W najbliższym czasie na naszym rynku powinny się pojawić nowe modele klawiatur mechanicznych nieco mniej „high-endowych” producentów: Zalmana, Genesisa i Sharkoona. Prawdopodobnie wielu naszych Czytelników rozważających zakup nowego „mechanika” napotka je w internetowych sklepach. Udało się nam sprowadzić je do testów.
Zalman jest znany większości naszych Czytelników. Jednak w dziedzinie akcesoriów dla graczy producent ten dotąd nie zabłysnął. Dotychczasowe konstrukcje marki to głównie tanie modele, które pod względem wydajności w grach nie dorównywały nawet podobnie wycenionym wyrobom konkurencyjnych marek, chociażby Genesis czy a4techa.
Shark Zone, stworzona przez Sharkoona, jest kreowana na markę akcesoriów dla profesjonalnych graczy. Nie sposób nie zauważyć jej zapędów do bycia marką „premium”. Z kolei Genesis prezentował do tej pory urządzenia dość rozsądnie wycenione, którym jednak zawsze mogliśmy wytknąć jakieś znaczące wady.
Testowane dziś klawiatury to najdroższe modele tych firm, więc liczyliśmy na to, że nie zawiodą oczekiwań. Zwłaszcza że konstrukcje Zalmana i Shark Zone są dość drogie, bo kosztują 500–600 zł. Genesis RX85 już na starcie wyróżnia się ceną w okolicach 350 zł.
Najpierw przyjrzyjmy się danym technicznym każdej z tych klawiatur.
Shark Zone MK80
- klawiatura pełnowymiarowa
- przełączniki Kailh Brown (dostępne są również Red i Blue)
- żywotność przełączników: do 60 mln wciśnięć
- maksymalny skok: 4 mm
- moment aktywacji na wysokości 2 mm
- nieliniowy skok przełącznika z delikatnie wyczuwalnym momentem aktywacji
- niezależne podświetlenie RGB dla każdego przełącznika
- możliwość nagrywania makr z poziomu klawiatury
- pełny Anti-Ghosting
- taktowanie USB: 1000 Hz
- czas reakcji: 1 ms
- przewód w oplocie o długości 200 cm
- waga: 1450 g
- wymiary wg producenta: 470 mm × 180 mm × 24 mm
Zalman ZM-K900M RGB
- klawiatura pełnowymiarowa
- przełączniki Kailh Blue (dostępne są również Red, Brown, Black)

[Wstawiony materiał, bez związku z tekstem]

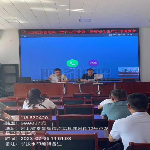 2023年7月25日,卢龙县应急管理局组织召开工贸行业企业第三季度安全生产工作调度会,会议由应急管理局党委书记、局长奚建树对工贸行业规模以上企业的安全生产工作进行部署安排。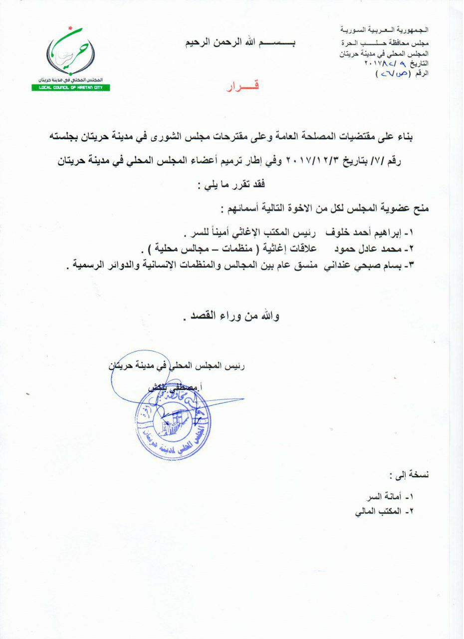 قرار إداري من المجلس المحلي لمدينة حريتان بتعيين أعضاء جدد في المجلس المحلي

- żywotność przełączników: do 60 mln wciśnięć
- maksymalny skok: 4 mm
- moment aktywacji na wysokości 2 mm
- nieliniowy skok przełącznika z mocno wyczuwalnym momentem aktywacji
- niezależne podświetlenie RGB dla każdego przełącznika
- możliwość nagrywania makr z poziomu klawiatury
- pełny Anti-Ghosting
- taktowanie USB: 1000 Hz
- czas reakcji: 1 ms
- przewód w oplocie o długości 170 cm
- waga: 1250 g
- wymiary wg producenta: 440 mm × 140 mm × 35 mm
Zalman ZM-K700M
- klawiatura pełnowymiarowa z dodatkowym pionem klawiszy po lewej
- przełączniki Cherry MX Red (dostępne są tylko takie)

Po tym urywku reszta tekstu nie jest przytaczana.